Revamping Search for Uninterrupted Availability: GitHub Enterprise Server's Journey

Search is at the heart of GitHub Enterprise Server—powering everything from code search to issue tracking, release pages, and pull request counts. But for years, administrators faced a delicate dance with search indexes, especially in high-availability (HA) setups. The old Elasticsearch integration created brittle clustering across primary and replica nodes, leading to lockups during maintenance or upgrades. After extensive effort, GitHub rebuilt the search architecture to eliminate these pain points. Below, we explore the challenges, the attempts to fix them, and the solution that now keeps your searches running smoothly.

1. How does search power the GitHub Enterprise Server experience?

Search is woven into nearly every interaction on GitHub Enterprise Server. Obvious places include the search bars and filtering on the Issues page, but its role goes far deeper. The releases page, projects page, and even counts for issues and pull requests all depend on search functionality. Without a robust search index, these features would slow to a crawl or break entirely. Given this central position, ensuring search remains available and durable is critical. Any downtime or degradation directly impacts developer productivity, which is why GitHub invested heavily in making the search infrastructure more resilient.

Revamping Search for Uninterrupted Availability: GitHub Enterprise Server's Journey — Source: github.blog

2. What maintenance challenges did administrators face with search indexes?

Administrators had to be extremely careful with search indexes—special database tables optimized for fast retrieval. A single misstep in maintenance or upgrade sequencing could damage the index, requiring time-consuming repairs. In high-availability (HA) setups, the stakes were even higher. If upgrade steps weren't followed in exactly the right order, indexes could become locked, halting the entire upgrade process. This fragility meant that even routine operations required meticulous planning, often increasing the time spent on server management rather than on improving the user experience.

3. How did GitHub's high availability setup work with Elasticsearch?

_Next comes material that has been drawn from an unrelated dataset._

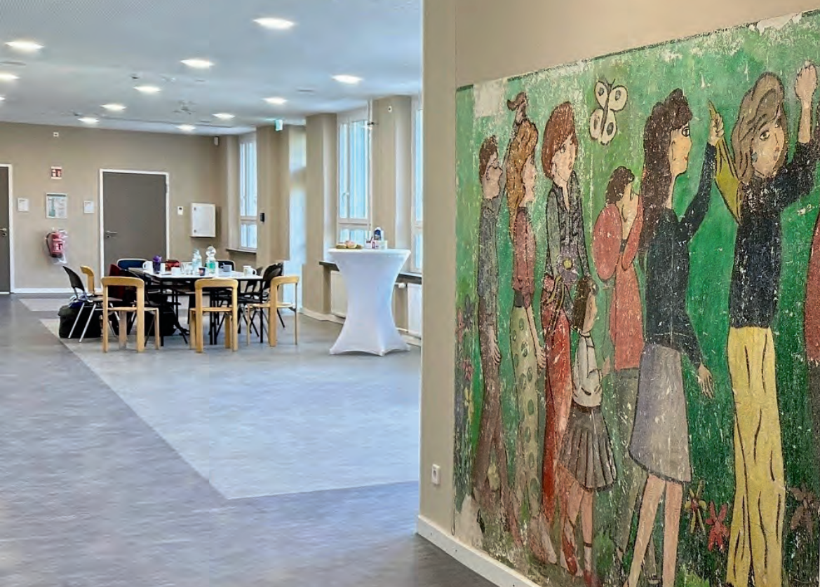
Geschichte geht in Gegenwart auf: ein Wandbild aus den 1960er-Jahren ist nun nach den Sanierungsarbeiten in der KULTschule wieder sichtbar.

GitHub Enterprise Server's HA architecture uses a leader/follower pattern. The primary node handles all writes, updates, and traffic, while replica nodes remain read-only and stay synchronized. Elasticsearch, the search database, was integrated into this pattern. However, Elasticsearch couldn't natively support a primary/replica model across separate servers. To work around this, GitHub created an Elasticsearch cluster that spanned both primary and replica nodes. This made data replication straightforward and allowed each node to handle search requests locally, offering performance benefits. But it also introduced hidden complexities.

4. Why did Elasticsearch clustering cause lockups during maintenance?

The cross-server Elasticsearch cluster had a critical flaw: at any moment, the Elasticsearch software could move a primary shard—responsible for receiving and validating writes—from the primary node to a replica. If that replica was then taken down for maintenance, a deadly embrace occurred. The replica would wait for Elasticsearch to become healthy before starting up, but Elasticsearch couldn't become healthy until the replica rejoined. This deadlock left the entire search system unusable, forcing administrators to intervene manually. Such scenarios made maintenance windows unpredictable and risky.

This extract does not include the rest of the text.